Problem —
A word-for-word copy of the data, with no images, is the required answer.

###

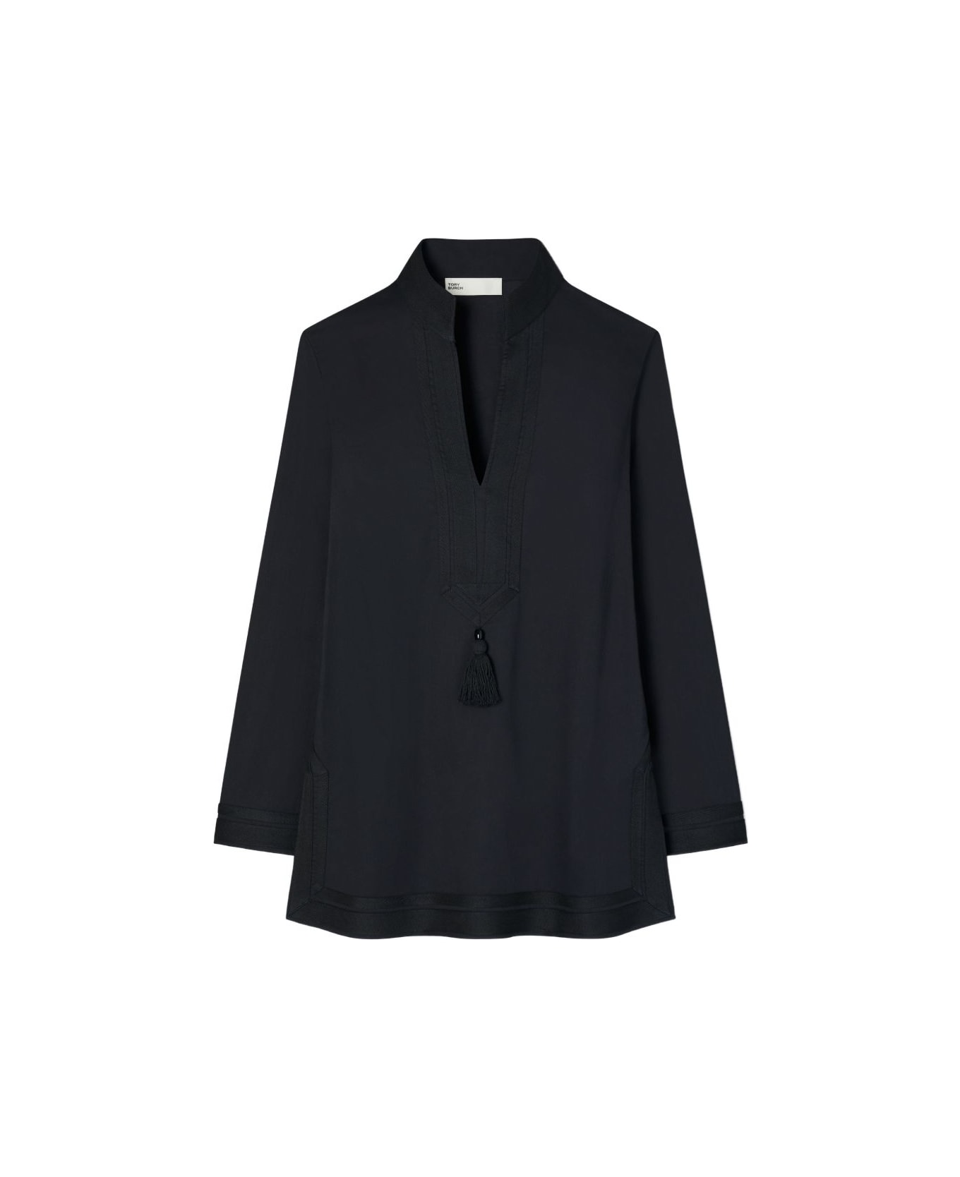 A brand signature. One of the first silhouettes we ever designed, inspired by Tory's travels. In lightweight cotton voile, the tassel tunic is trimmed with herringbone twill at the collar, cuffs and hem. Universally flattering in a relaxed cut, it's the epitome of understated glamour. model is 5'10" (178 cm) and is wearing a US size S 100% cotton length: 31" (81 cm) hand wash or dry clean coverups style number 83308
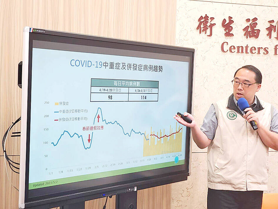 CDC Epidemic Intelligence Center Director Guo Hung-wei (郭宏偉) said that the average number of daily new moderate to severe COVID-19 cases reported last week was 114, slightly higher than the average of 98 per day in the week before.
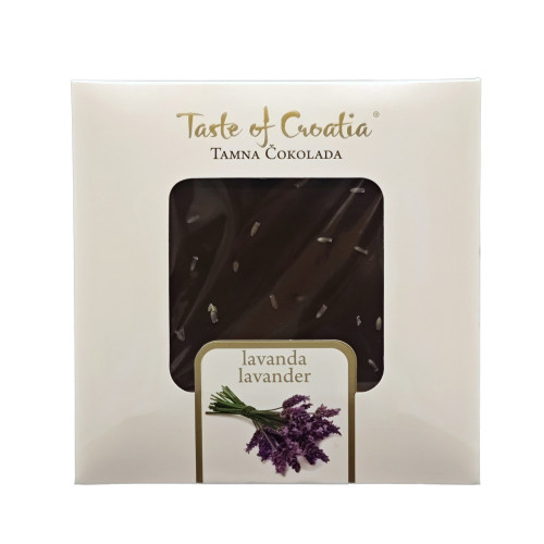 - Lavanda – nježni okus kakaa u vrhunskoj tamnoj čokoladi upotpunjen je mirisnom aromom lavande. Težina: 90 g
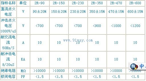 6/8-2R系列放電管詳情: 外形尺寸 主要型號和性能
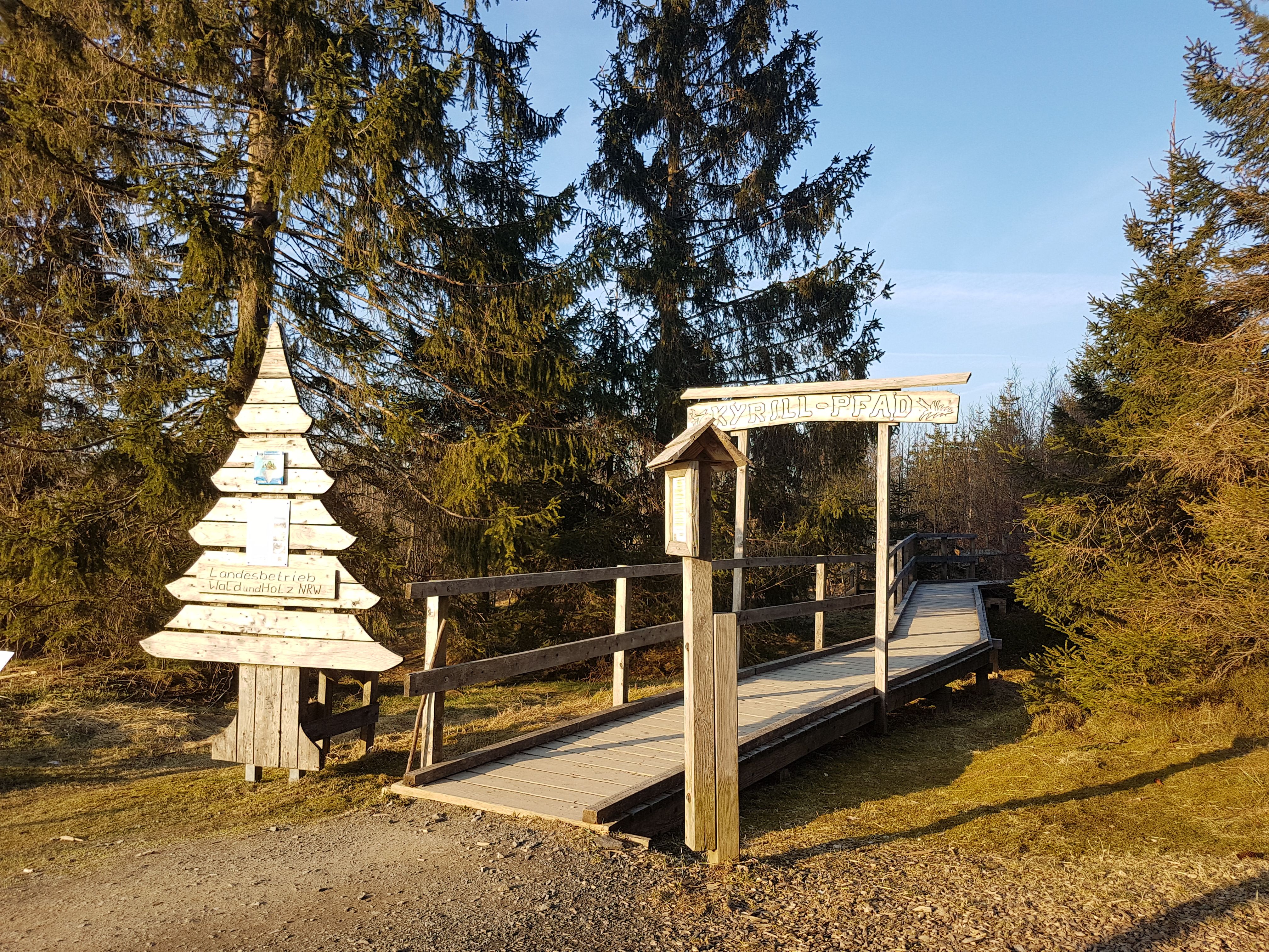 Während uns die Glocken des Klosters Grafschaft stimmungsvoll begleiten, biegen wir an den Gaststätten in historischer Fachwerk-Optik ab. Nicht nach links zur Minigolfanlage oder dem Spielplatz in der Parkanlage, sondern nach rechts. Ab der "Modellbahn am Rothaarsteig" zieht sich die Straße immer höher und höher und wir erleben auf den nächsten 4,5 Kilometern tiefgehende Blicke ins Land der 1.000 Berge. Beim Einparken in Schmallenberg-Schanze stellen wir es dann erstaunt fest: "Die Rückbank ist eingeschlafen!", schmunzelt mein Mann. "Das war wohl zu viel frische Luft und Bewegung für die Kinder. Möchtest du dich etwas umschauen vor dem Essen? Ich bleib' hier." – "Dank Dir. Dann bis gleich," bin ich einverstanden – und lasse mich hinter dem Ortsschild schnell vom ersten Wegweiser verführen: 600 Meter sind es ab dem Wanderportal zum "Kyrill-Pfad". Dieser offenbart sich mir als ein Kilometer langer Rundweg durch abenteuerliche Sturmholzflächen. Auch ein Holzsteg führt auf barrierefreier Route zu naturwüchsigen Ansichten. "Der Parcours durch wildes Terrain würde den Kindern gefallen", denke ich – und spüre nur wenige Schritte weiter die Magie, die der erhabene "Krummstab" versprüht: eines von elf imposanten Kunstwerken des "WaldSkulpturenWeg", der über den Rothaarkamm verläuft.
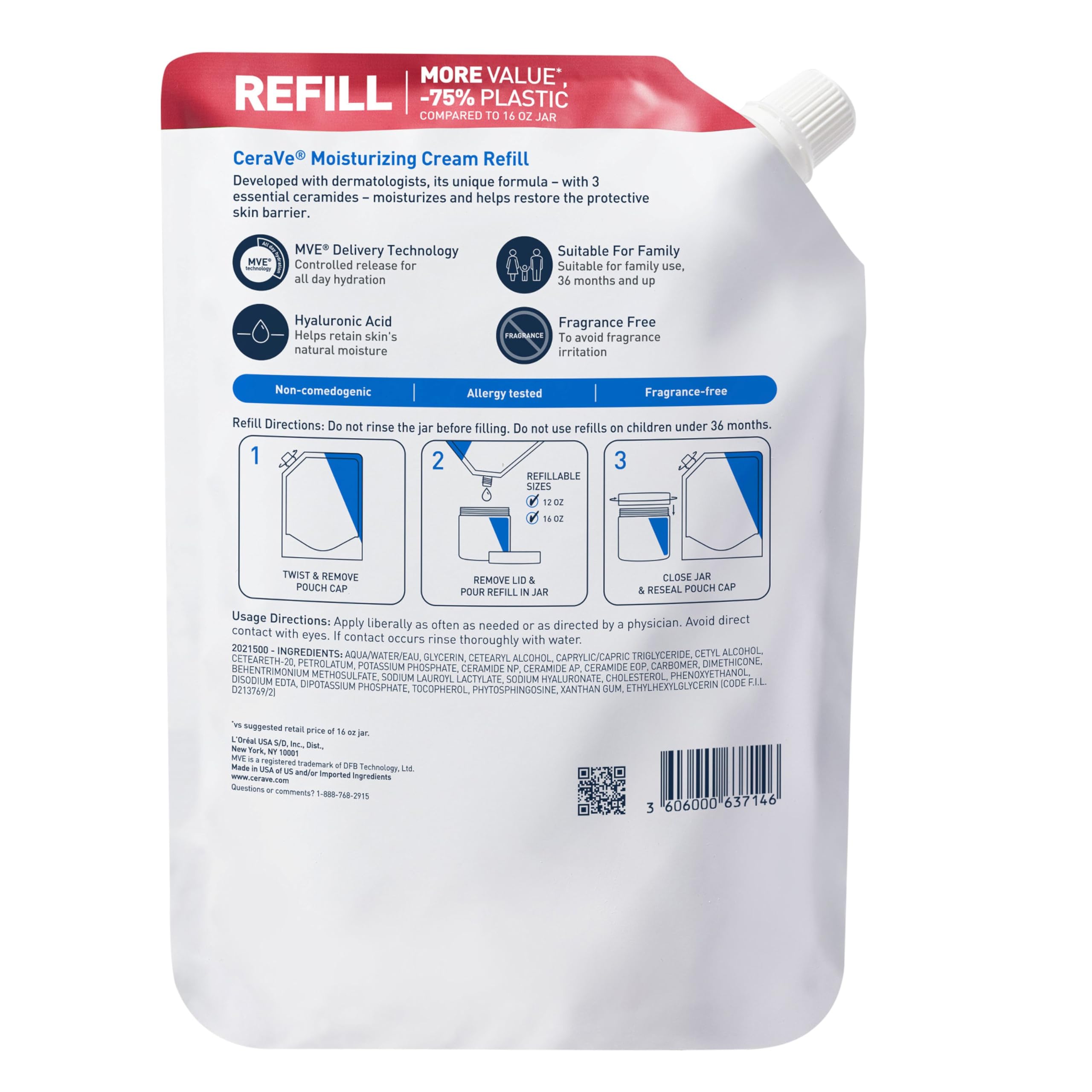 Developed with dermatologists, CeraVe Moisturizing Cream has a unique formula that provides 24-hour hydration and helps restore the protective skin barrier with three essential ceramides (1,3,6-II) and hyaluronic acid. This rich, non-greasy, fast-absorbing formula is ideal for sensitive skin on both the face and body Featuring our patented MVE Technology to release a steady stream of moisturizing ingredients throughout the day and night.

###

Solved problem —
 A brand signature. One of the first silhouettes we ever designed, inspired by Tory's travels. In lightweight cotton voile, the tassel tunic is trimmed with herringbone twill at the collar, cuffs and hem. Universally flattering in a relaxed cut, it's the epitome of understated glamour. model is 5'10" (178 cm) and is wearing a US size S 100% cotton length: 31" (81 cm) hand wash or dry clean coverups style number 83308
 CDC Epidemic Intelligence Center Director Guo Hung-wei (郭宏偉) said that the average number of daily new moderate to severe COVID-19 cases reported last week was 114, slightly higher than the average of 98 per day in the week before.
 - Lavanda – nježni okus kakaa u vrhunskoj tamnoj čokoladi upotpunjen je mirisnom aromom lavande. Težina: 90 g
 6/8-2R系列放電管詳情: 外形尺寸 主要型號和性能
 Während uns die Glocken des Klosters Grafschaft stimmungsvoll begleiten, biegen wir an den Gaststätten in historischer Fachwerk-Optik ab. Nicht nach links zur Minigolfanlage oder dem Spielplatz in der Parkanlage, sondern nach rechts. Ab der "Modellbahn am Rothaarsteig" zieht sich die Straße immer höher und höher und wir erleben auf den nächsten 4,5 Kilometern tiefgehende Blicke ins Land der 1.000 Berge. Beim Einparken in Schmallenberg-Schanze stellen wir es dann erstaunt fest: "Die Rückbank ist eingeschlafen!", schmunzelt mein Mann. "Das war wohl zu viel frische Luft und Bewegung für die Kinder. Möchtest du dich etwas umschauen vor dem Essen? Ich bleib' hier." – "Dank Dir. Dann bis gleich," bin ich einverstanden – und lasse mich hinter dem Ortsschild schnell vom ersten Wegweiser verführen: 600 Meter sind es ab dem Wanderportal zum "Kyrill-Pfad". Dieser offenbart sich mir als ein Kilometer langer Rundweg durch abenteuerliche Sturmholzflächen. Auch ein Holzsteg führt auf barrierefreier Route zu naturwüchsigen Ansichten. "Der Parcours durch wildes Terrain würde den Kindern gefallen", denke ich – und spüre nur wenige Schritte weiter die Magie, die der erhabene "Krummstab" versprüht: eines von elf imposanten Kunstwerken des "WaldSkulpturenWeg", der über den Rothaarkamm verläuft.
 Developed with dermatologists, CeraVe Moisturizing Cream has a unique formula that provides 24-hour hydration and helps restore the protective skin barrier with three essential ceramides (1,3,6-II) and hyaluronic acid. This rich, non-greasy, fast-absorbing formula is ideal for sensitive skin on both the face and body Featuring our patented MVE Technology to release a steady stream of moisturizing ingredients throughout the day and night.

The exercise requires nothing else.